In the following sections of this chapter, we'll discuss these building blocks one by

one in more detail. In the following sections, MLPs are covered together with other

important topics such as loss function, optimizer, and regularizer. Following on

afterward, we'll cover both CNNs and RNNs.

The difference between MLPs, CNNs,

and RNNs

Multilayer perceptrons or MLPs are a fully-connected network. You'll often find

them referred to as either deep feedforward networks or feedforward neural

networks in some literature. Understanding these networks in terms of known

target applications will help us get insights about the underlying reasons for the

design of the advanced deep learning models. MLPs are common in simple logistic

and linear regression problems. However, MLPs are not optimal for processing

sequential and multi-dimensional data patterns. By design, MLPs struggle to

remember patterns in sequential data and requires a substantial number of

parameters to process multi-dimensional data.

For sequential data input, RNNs are popular because the internal design allows

the network to discover dependency in the history of data that is useful for

prediction. For multi-dimensional data like images and videos, a CNN excels

in extracting feature maps for classification, segmentation, generation, and other

purposes. In some cases, a CNN in the form of a 1D convolution is also used for

networks with sequential input data. However, in most deep learning models,

MLPs, RNNs, and CNNs are combined to make the most out of each network.

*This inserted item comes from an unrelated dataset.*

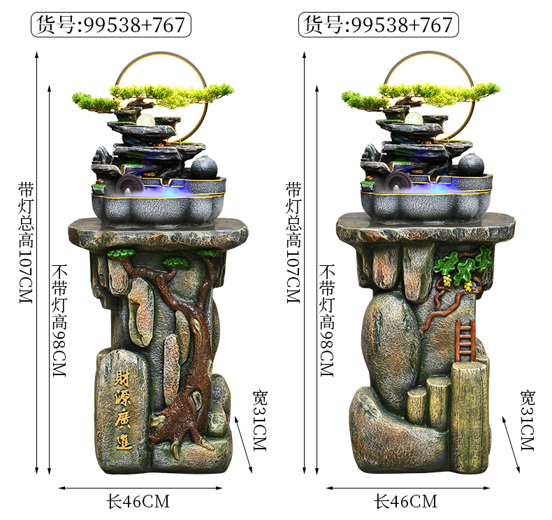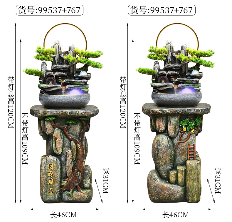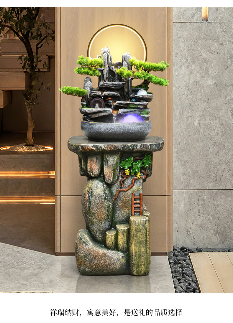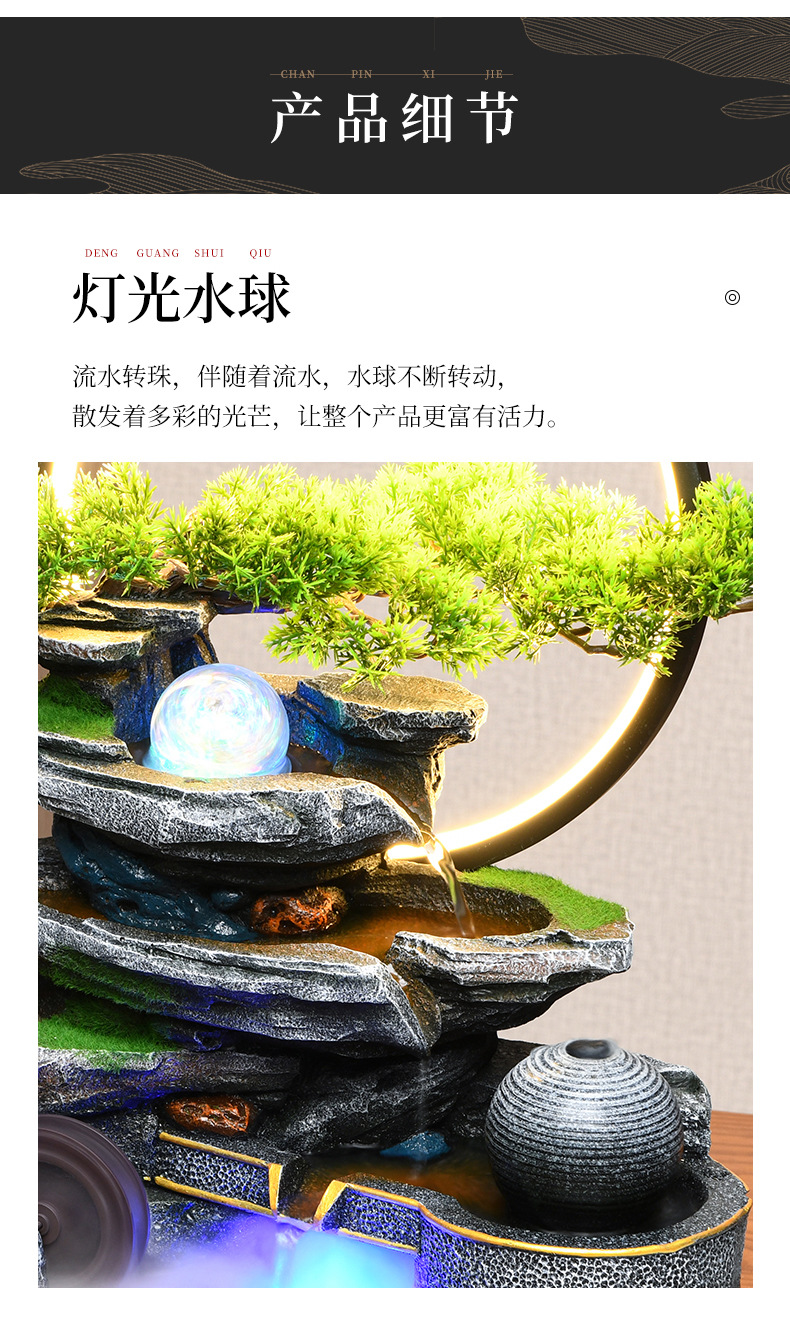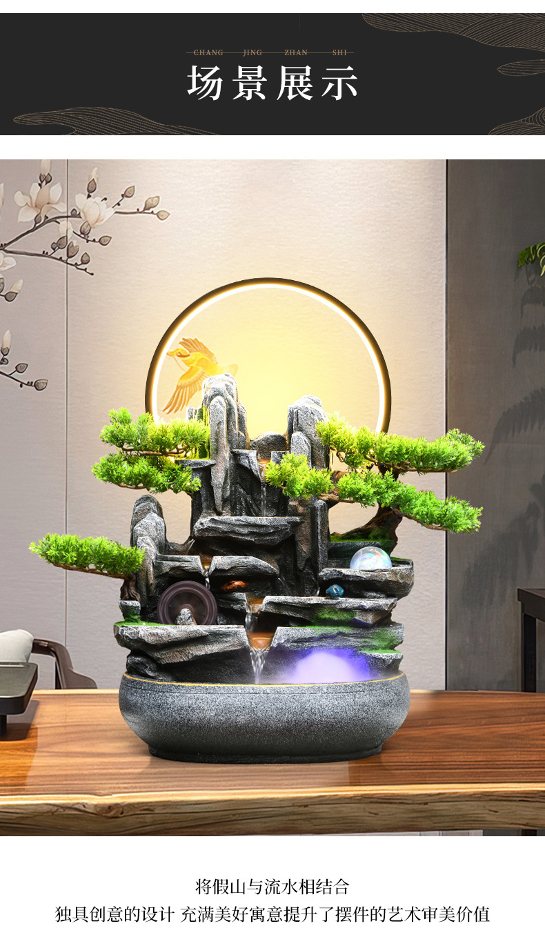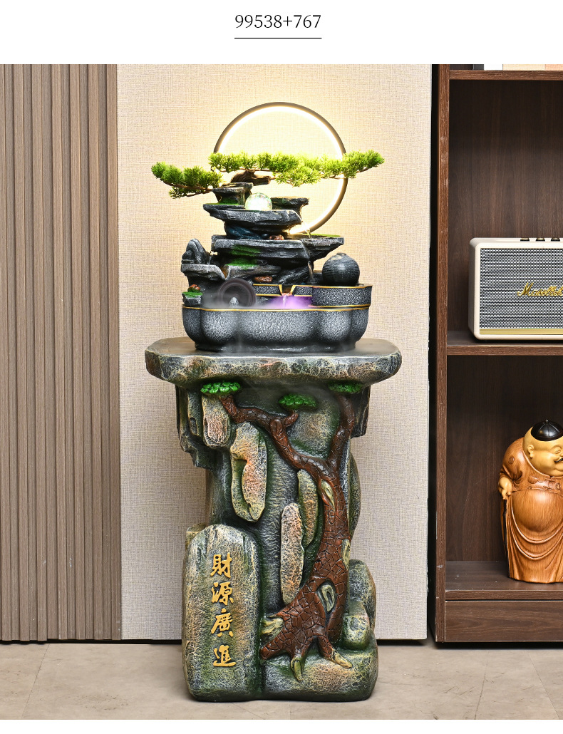 새로운 중국 스타일의 간단한 바위 물 분수 실내 데스크탑 바닥 분재 장식 가습기 풍수 공 작은 장식품스토어 가기

MLPs, RNNs, and CNNs do not complete the whole picture of deep networks.

There is a need to identify an objective or loss function, an optimizer, and a regularizer.

The goal is to reduce the loss function value during training since it is a good guide

that a model is learning. To minimize this value, the model employs an optimizer.

This is an algorithm that determines how weights and biases should be adjusted

at each training step. A trained model must work not only on the training data but

also on a test or even on unforeseen input data. The role of the regularizer is to

ensure that the trained model generalizes to new data.